Please reproduce the lines of the records below from the one holding "ところで、今日は東京タワーも" through the one holding "En la general", inclusive, skipping all pictures.

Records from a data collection

----

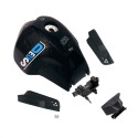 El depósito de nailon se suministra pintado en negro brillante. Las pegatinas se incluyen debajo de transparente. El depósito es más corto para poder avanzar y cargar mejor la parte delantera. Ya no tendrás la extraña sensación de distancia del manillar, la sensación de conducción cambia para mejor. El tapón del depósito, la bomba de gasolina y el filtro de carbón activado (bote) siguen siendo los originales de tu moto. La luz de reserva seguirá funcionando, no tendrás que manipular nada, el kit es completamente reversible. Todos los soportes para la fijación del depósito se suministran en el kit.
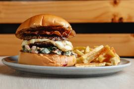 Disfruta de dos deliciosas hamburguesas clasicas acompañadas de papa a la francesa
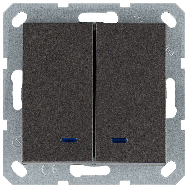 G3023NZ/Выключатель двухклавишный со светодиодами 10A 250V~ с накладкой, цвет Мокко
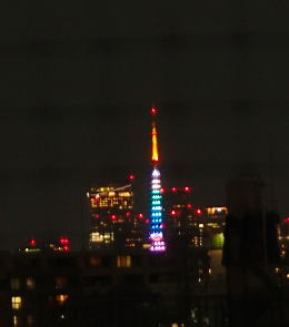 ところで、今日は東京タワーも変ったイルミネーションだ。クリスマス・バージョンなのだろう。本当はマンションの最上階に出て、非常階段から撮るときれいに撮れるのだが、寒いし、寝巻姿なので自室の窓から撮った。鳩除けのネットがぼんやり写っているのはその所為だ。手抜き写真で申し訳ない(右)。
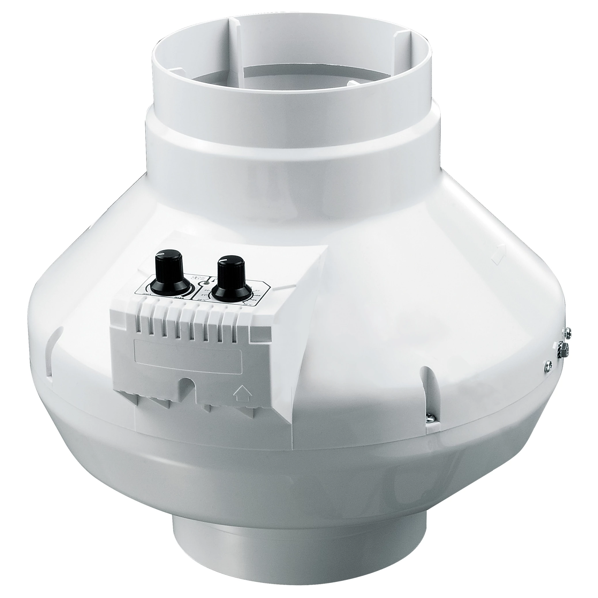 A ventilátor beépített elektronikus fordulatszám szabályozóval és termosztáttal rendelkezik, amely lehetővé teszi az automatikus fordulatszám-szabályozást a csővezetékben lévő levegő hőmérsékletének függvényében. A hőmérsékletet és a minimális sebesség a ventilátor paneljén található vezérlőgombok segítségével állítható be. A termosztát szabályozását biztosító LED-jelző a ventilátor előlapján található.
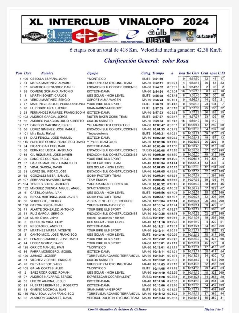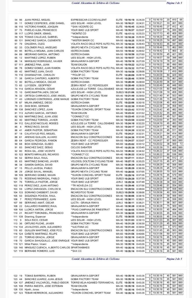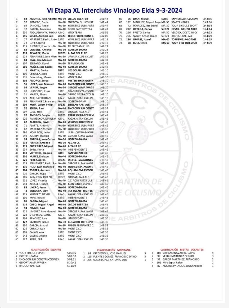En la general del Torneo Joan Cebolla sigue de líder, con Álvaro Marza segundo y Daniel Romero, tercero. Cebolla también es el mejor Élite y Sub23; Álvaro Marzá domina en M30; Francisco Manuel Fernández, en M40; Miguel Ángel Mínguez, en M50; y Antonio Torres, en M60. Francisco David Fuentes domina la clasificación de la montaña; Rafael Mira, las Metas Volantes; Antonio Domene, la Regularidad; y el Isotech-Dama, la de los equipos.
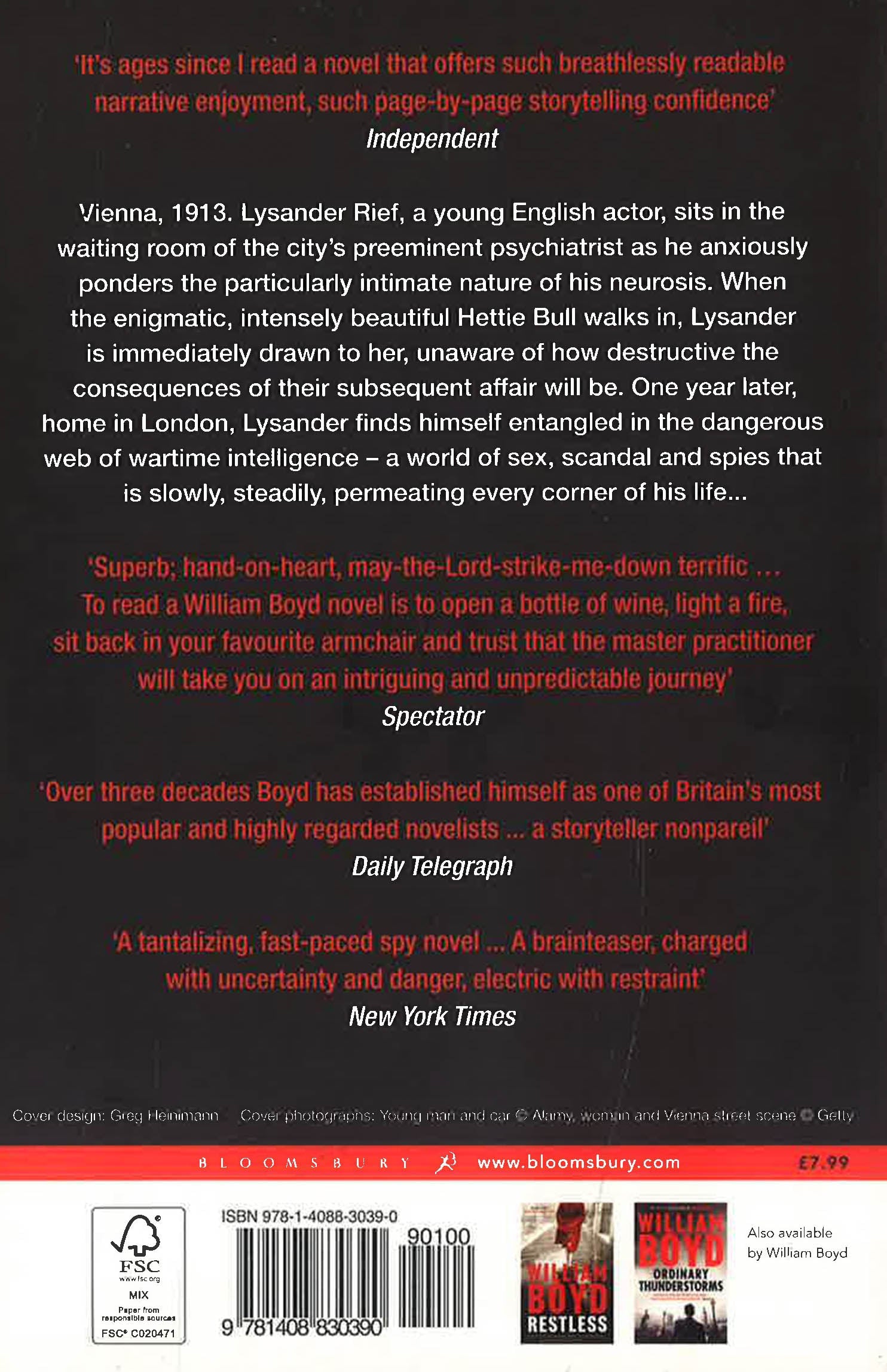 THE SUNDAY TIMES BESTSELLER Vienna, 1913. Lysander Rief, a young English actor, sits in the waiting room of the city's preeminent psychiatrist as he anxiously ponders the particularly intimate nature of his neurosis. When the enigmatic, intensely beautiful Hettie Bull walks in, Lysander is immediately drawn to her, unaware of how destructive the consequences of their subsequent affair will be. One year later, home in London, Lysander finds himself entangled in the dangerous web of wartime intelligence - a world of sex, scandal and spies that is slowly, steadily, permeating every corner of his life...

----

* SOLUTION *
 ところで、今日は東京タワーも変ったイルミネーションだ。クリスマス・バージョンなのだろう。本当はマンションの最上階に出て、非常階段から撮るときれいに撮れるのだが、寒いし、寝巻姿なので自室の窓から撮った。鳩除けのネットがぼんやり写っているのはその所為だ。手抜き写真で申し訳ない(右)。
 A ventilátor beépített elektronikus fordulatszám szabályozóval és termosztáttal rendelkezik, amely lehetővé teszi az automatikus fordulatszám-szabályozást a csővezetékben lévő levegő hőmérsékletének függvényében. A hőmérsékletet és a minimális sebesség a ventilátor paneljén található vezérlőgombok segítségével állítható be. A termosztát szabályozását biztosító LED-jelző a ventilátor előlapján található.
En la general del Torneo Joan Cebolla sigue de líder, con Álvaro Marza segundo y Daniel Romero, tercero. Cebolla también es el mejor Élite y Sub23; Álvaro Marzá domina en M30; Francisco Manuel Fernández, en M40; Miguel Ángel Mínguez, en M50; y Antonio Torres, en M60. Francisco David Fuentes domina la clasificación de la montaña; Rafael Mira, las Metas Volantes; Antonio Domene, la Regularidad; y el Isotech-Dama, la de los equipos.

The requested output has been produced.